[Exercise data]
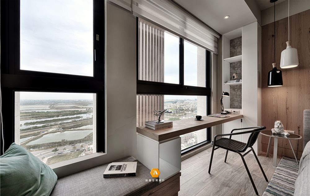 來到次臥,溫潤的氣息彌漫而至,透出簡明潔凈的場域格調。設計師有效利用空間格局,由天花板延伸墻面而下直至桌面,創造流暢的收納動線。靠窗處設置一席臥榻,陽光灑落、一本書、一杯茶;閑時獨坐何等愜意,靜享浮生半日閑。
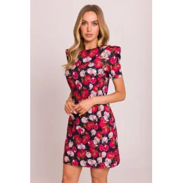 95 % polyester 5 % elastan INFORMACE O PRODUKTU: tkaná látka mini trapézové šaty krátké obláčkové rukávy ozdobné klopy vpředu s knoflíky ve tvaru srdce skrytý zadní zip bez podšívky naše modelka je vysoká 171 cm a nosí velikost S navrženo a vyrobeno v Polsku
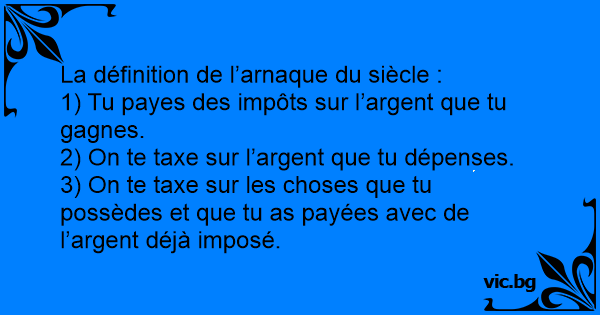 3) On te taxe sur les choses que tu possèdes et que tu as payées avec de l’argent déjà imposé.
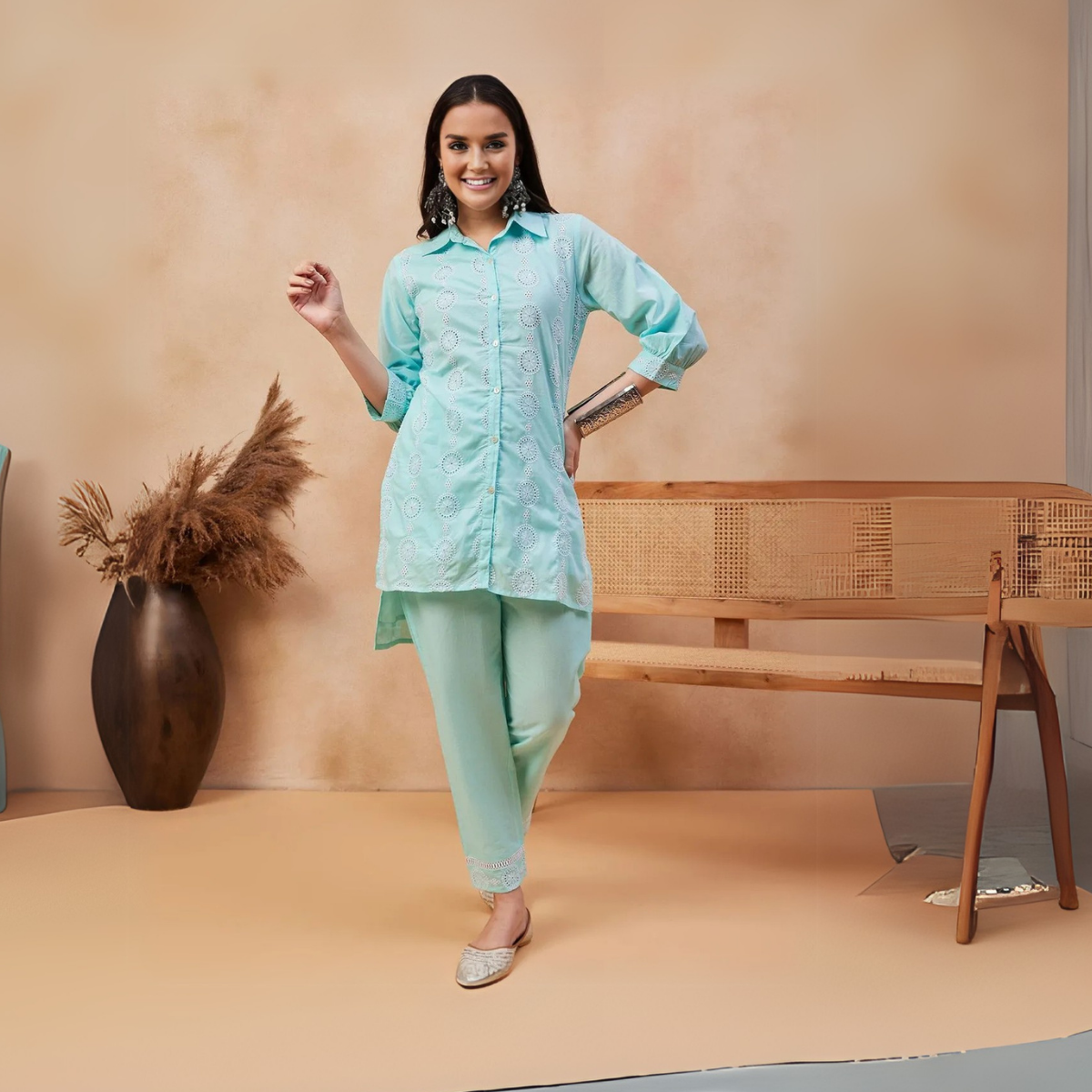 The casual cotton co-ord set is ideal for relaxed outings, featuring breathable fabrics and minimalist designs like stripes or solid colors, ensuring comfort and effortless style.

[Assigned task] Retype exactly, and only, the lines from the one containing "3) On te taxe" through the end of the material, leaving aside every picture.

[Response to the exercise]
 3) On te taxe sur les choses que tu possèdes et que tu as payées avec de l’argent déjà imposé.
 The casual cotton co-ord set is ideal for relaxed outings, featuring breathable fabrics and minimalist designs like stripes or solid colors, ensuring comfort and effortless style.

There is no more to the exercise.